Pictures appear among the records below and must be omitted. Repeat exactly the lines from the line with "Прочитай вслух, подняв" to the line with "Khung quầy lễ", both included.

◆ **Entries shown**

= = = = = = =

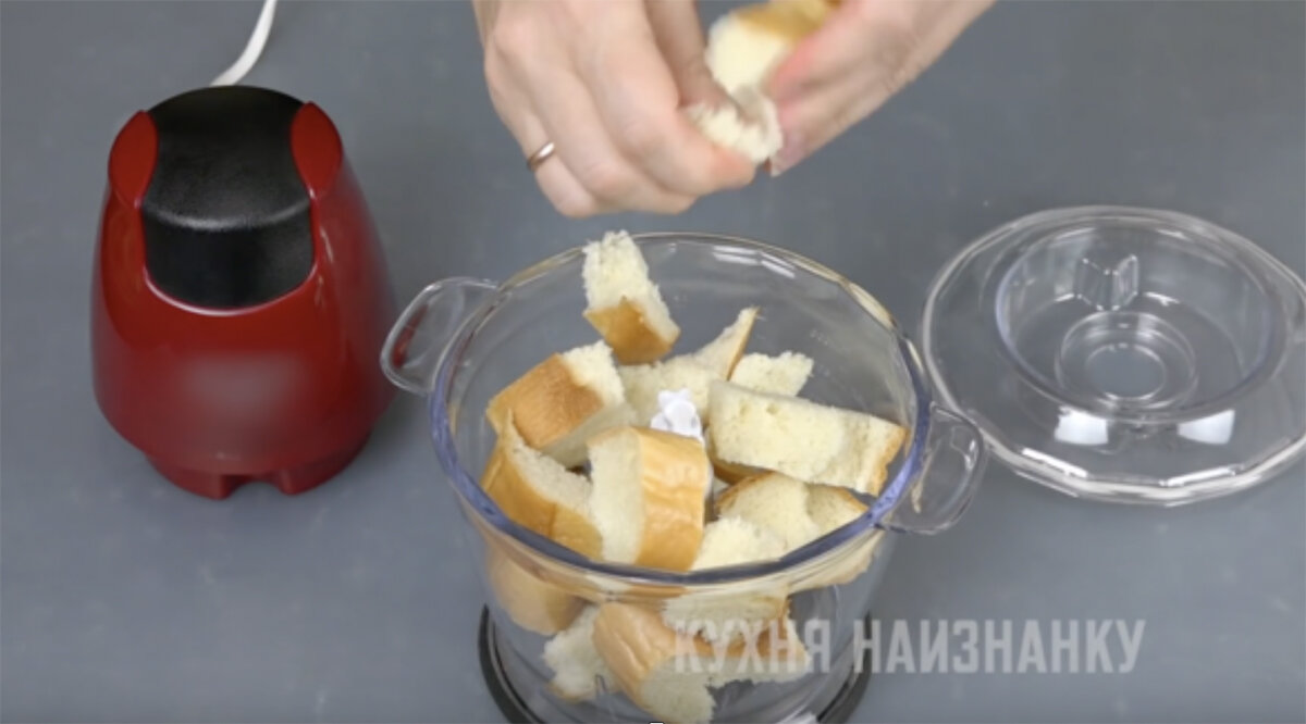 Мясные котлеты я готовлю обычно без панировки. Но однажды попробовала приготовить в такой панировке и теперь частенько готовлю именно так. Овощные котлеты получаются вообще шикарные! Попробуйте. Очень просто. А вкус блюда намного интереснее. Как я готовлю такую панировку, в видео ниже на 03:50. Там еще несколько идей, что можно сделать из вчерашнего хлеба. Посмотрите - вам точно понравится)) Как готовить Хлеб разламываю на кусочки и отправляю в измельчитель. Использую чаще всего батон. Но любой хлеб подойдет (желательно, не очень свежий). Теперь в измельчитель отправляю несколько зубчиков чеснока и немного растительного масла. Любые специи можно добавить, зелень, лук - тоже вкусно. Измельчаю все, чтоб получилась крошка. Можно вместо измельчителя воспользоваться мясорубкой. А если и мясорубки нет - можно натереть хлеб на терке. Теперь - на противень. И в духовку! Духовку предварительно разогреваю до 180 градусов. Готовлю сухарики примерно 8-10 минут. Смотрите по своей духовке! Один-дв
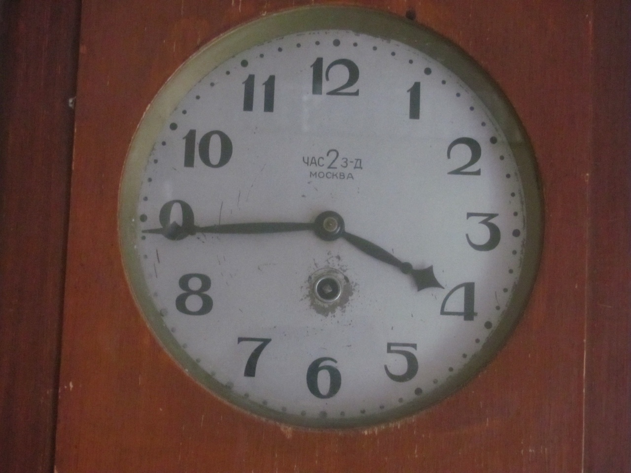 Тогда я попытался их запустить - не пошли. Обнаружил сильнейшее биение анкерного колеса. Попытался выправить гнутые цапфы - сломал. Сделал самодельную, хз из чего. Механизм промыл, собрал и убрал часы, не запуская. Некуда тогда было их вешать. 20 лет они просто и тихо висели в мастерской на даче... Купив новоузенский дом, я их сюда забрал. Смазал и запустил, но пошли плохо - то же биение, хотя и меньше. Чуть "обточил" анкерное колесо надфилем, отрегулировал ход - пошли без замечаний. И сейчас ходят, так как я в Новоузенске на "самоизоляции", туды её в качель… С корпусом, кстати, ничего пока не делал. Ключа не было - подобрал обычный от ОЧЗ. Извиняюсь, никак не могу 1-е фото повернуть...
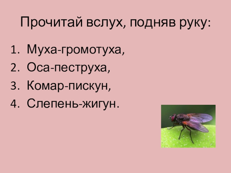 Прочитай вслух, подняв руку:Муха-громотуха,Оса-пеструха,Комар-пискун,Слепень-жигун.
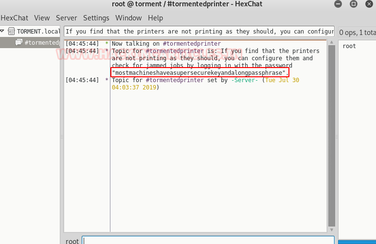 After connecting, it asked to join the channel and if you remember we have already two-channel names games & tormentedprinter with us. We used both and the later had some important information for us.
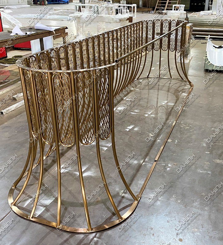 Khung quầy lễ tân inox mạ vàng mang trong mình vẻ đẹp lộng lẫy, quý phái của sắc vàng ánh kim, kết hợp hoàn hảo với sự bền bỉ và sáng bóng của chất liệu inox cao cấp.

= = = = = = =

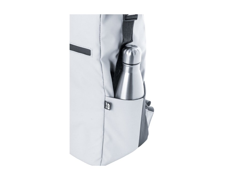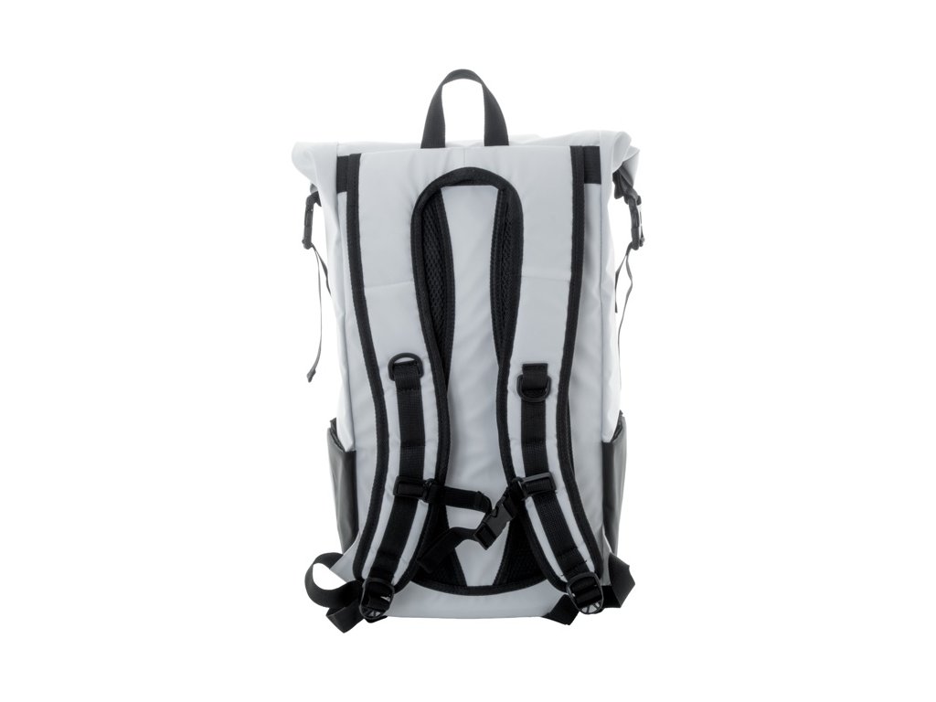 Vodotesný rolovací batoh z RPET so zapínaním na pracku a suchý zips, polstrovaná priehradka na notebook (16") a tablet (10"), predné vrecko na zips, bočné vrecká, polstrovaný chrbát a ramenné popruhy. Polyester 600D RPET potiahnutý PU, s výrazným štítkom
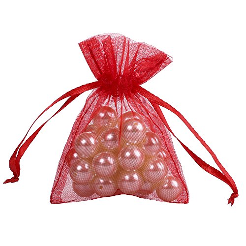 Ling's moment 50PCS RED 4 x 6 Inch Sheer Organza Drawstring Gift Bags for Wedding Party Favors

= = = = = = =

◆ **Solution for this problem**
 Прочитай вслух, подняв руку:Муха-громотуха,Оса-пеструха,Комар-пискун,Слепень-жигун.
 After connecting, it asked to join the channel and if you remember we have already two-channel names games & tormentedprinter with us. We used both and the later had some important information for us.
 Khung quầy lễ tân inox mạ vàng mang trong mình vẻ đẹp lộng lẫy, quý phái của sắc vàng ánh kim, kết hợp hoàn hảo với sự bền bỉ và sáng bóng của chất liệu inox cao cấp.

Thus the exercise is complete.